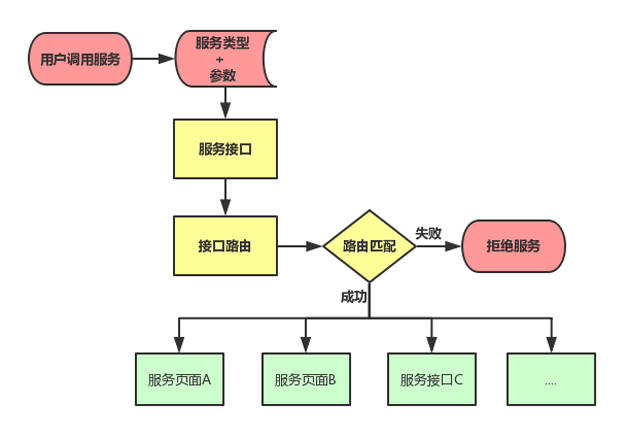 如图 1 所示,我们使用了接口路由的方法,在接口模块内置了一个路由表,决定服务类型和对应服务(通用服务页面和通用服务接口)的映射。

------------------------------------------------------------------------

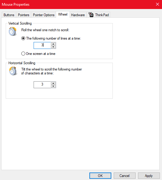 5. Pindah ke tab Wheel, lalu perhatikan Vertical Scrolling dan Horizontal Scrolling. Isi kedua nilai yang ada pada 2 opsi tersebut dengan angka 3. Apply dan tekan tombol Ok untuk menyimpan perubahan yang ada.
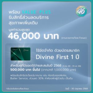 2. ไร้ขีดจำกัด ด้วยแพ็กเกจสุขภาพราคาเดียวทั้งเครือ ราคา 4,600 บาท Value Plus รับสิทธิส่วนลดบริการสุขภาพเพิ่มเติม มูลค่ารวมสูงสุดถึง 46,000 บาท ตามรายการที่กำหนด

------------------------------------------------------------------------

Of the lines above, quote exactly those from the one with "5. Pindah ke tab" through the one with "2. ไร้ขีดจำกัด ด้วยแพ็กเกจสุขภาพราคาเดียวทั้งเครือ", ends included; pictures stay out.

> **Answer to the problem**:
 5. Pindah ke tab Wheel, lalu perhatikan Vertical Scrolling dan Horizontal Scrolling. Isi kedua nilai yang ada pada 2 opsi tersebut dengan angka 3. Apply dan tekan tombol Ok untuk menyimpan perubahan yang ada.
 2. ไร้ขีดจำกัด ด้วยแพ็กเกจสุขภาพราคาเดียวทั้งเครือ ราคา 4,600 บาท Value Plus รับสิทธิส่วนลดบริการสุขภาพเพิ่มเติม มูลค่ารวมสูงสุดถึง 46,000 บาท ตามรายการที่กำหนด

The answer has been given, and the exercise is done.